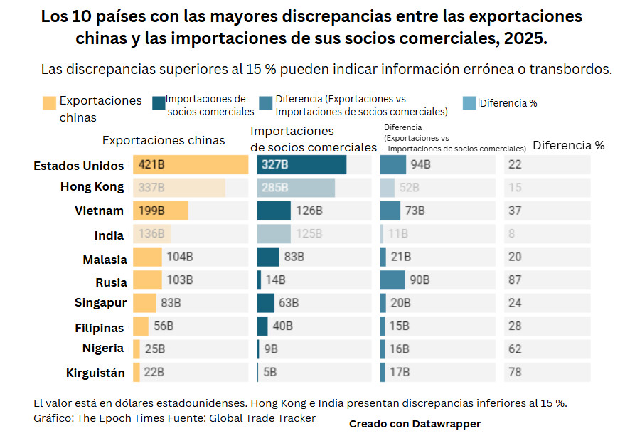 Contenedores y grúas en el puerto de aguas profundas de Yangshan, cerca de Shanghái, el 3 de junio de 2025. El Rhodium Group estimó que el comercio exterior representó más de la mitad del aumento de la producción económica total de China el año pasado. (Héctor Retamal/AFP vía Getty Images).En principio, las exportaciones de un país deberían coincidir con las importaciones de sus socios comerciales. En la práctica, es habitual que se produzcan pequeñas discrepancias, ya que las exportaciones se registran de forma diferente a las importaciones. Según las Naciones Unidas y la Organización para la Cooperación y el Desarrollo Económicos, estos factores suelen explicar una diferencia de entre el 5 % y el 10 %. Las diferencias superiores al 15 % pueden indicar un registro erróneo o un transbordo a través de terceros países.
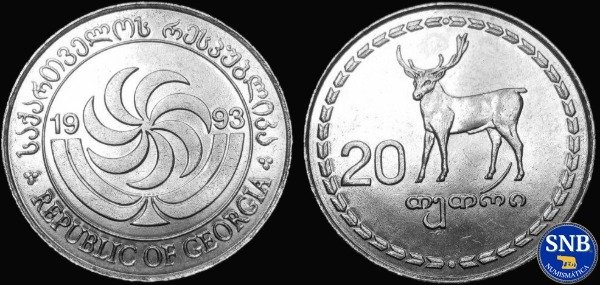 Borjgali, el símbolo georgiano del Sol en el anverso y un ciervo rojo en el reverso.
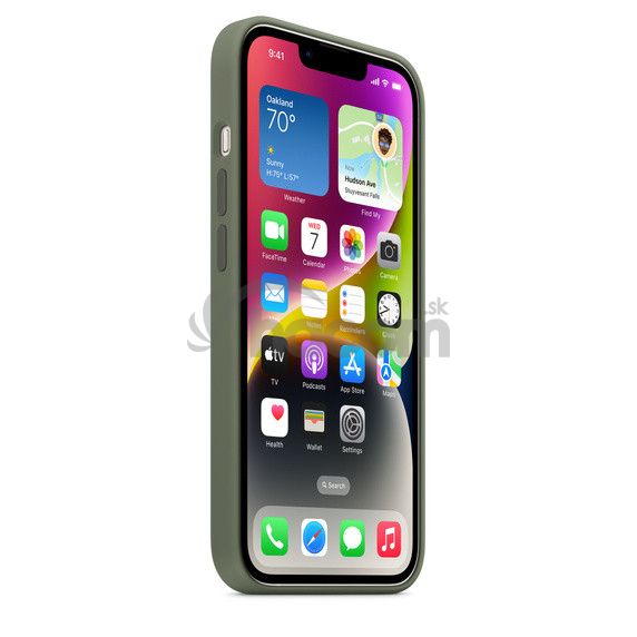 Silikónový kryt s MagSafe – olivovýHodvábne jemný povrch zo silikónu sa príjemne drží. Na vnútornej strane prístroj chráni podšívka z jemného mikrovlákna.
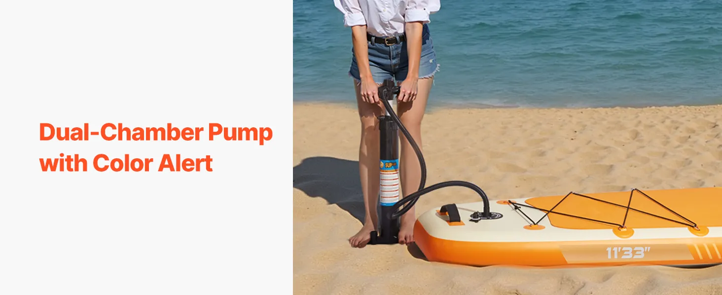 Q1: How many paddles come with the board?A1: Includes 1 professional paddle! Made of aluminum tubing for extra strength! Q2: Is the backpack sturdy enough?A2: Yes!Made of wear-resistant and durable fabric, it can accompany you outdoors.Q3: Is this paddle board suitable for beginners?A3: This paddle board is designed for beginners, even inexperienced users can quickly master paddling skills and enjoy fun on the water!Q4: What PSI is best?A4: 12-15 PSI (green zone on valve) is ideal. Q5: Is the pump durable?A5: Our double-cylinder high-pressure pumps are rigorously multi-inflation tested for long life.
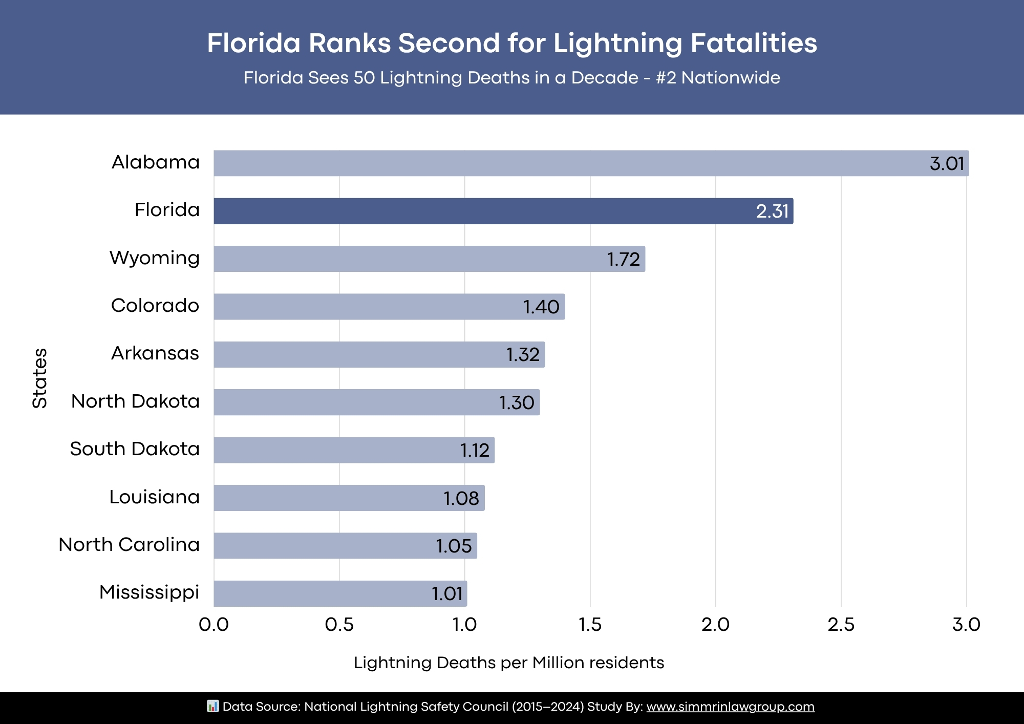 The research, conducted by personal injury law firm Simmrin Law Group, analyzed lightning fatality data from the National Lightning Safety Council across all 50 U.S. states between 2015 and 2024. The total number of lightning deaths per million residents was calculated to determine which states are most affected by lightning fatalities.

- - - - - - -

Provide the lines again, unchanged, from where the data above begins through the line containing "Q1: How many", both ends included, omitting pictures and adding nothing.

**RESPONSE AREA**
 Contenedores y grúas en el puerto de aguas profundas de Yangshan, cerca de Shanghái, el 3 de junio de 2025. El Rhodium Group estimó que el comercio exterior representó más de la mitad del aumento de la producción económica total de China el año pasado. (Héctor Retamal/AFP vía Getty Images).En principio, las exportaciones de un país deberían coincidir con las importaciones de sus socios comerciales. En la práctica, es habitual que se produzcan pequeñas discrepancias, ya que las exportaciones se registran de forma diferente a las importaciones. Según las Naciones Unidas y la Organización para la Cooperación y el Desarrollo Económicos, estos factores suelen explicar una diferencia de entre el 5 % y el 10 %. Las diferencias superiores al 15 % pueden indicar un registro erróneo o un transbordo a través de terceros países.
 Borjgali, el símbolo georgiano del Sol en el anverso y un ciervo rojo en el reverso.
 Silikónový kryt s MagSafe – olivovýHodvábne jemný povrch zo silikónu sa príjemne drží. Na vnútornej strane prístroj chráni podšívka z jemného mikrovlákna.
 Q1: How many paddles come with the board?A1: Includes 1 professional paddle! Made of aluminum tubing for extra strength! Q2: Is the backpack sturdy enough?A2: Yes!Made of wear-resistant and durable fabric, it can accompany you outdoors.Q3: Is this paddle board suitable for beginners?A3: This paddle board is designed for beginners, even inexperienced users can quickly master paddling skills and enjoy fun on the water!Q4: What PSI is best?A4: 12-15 PSI (green zone on valve) is ideal. Q5: Is the pump durable?A5: Our double-cylinder high-pressure pumps are rigorously multi-inflation tested for long life.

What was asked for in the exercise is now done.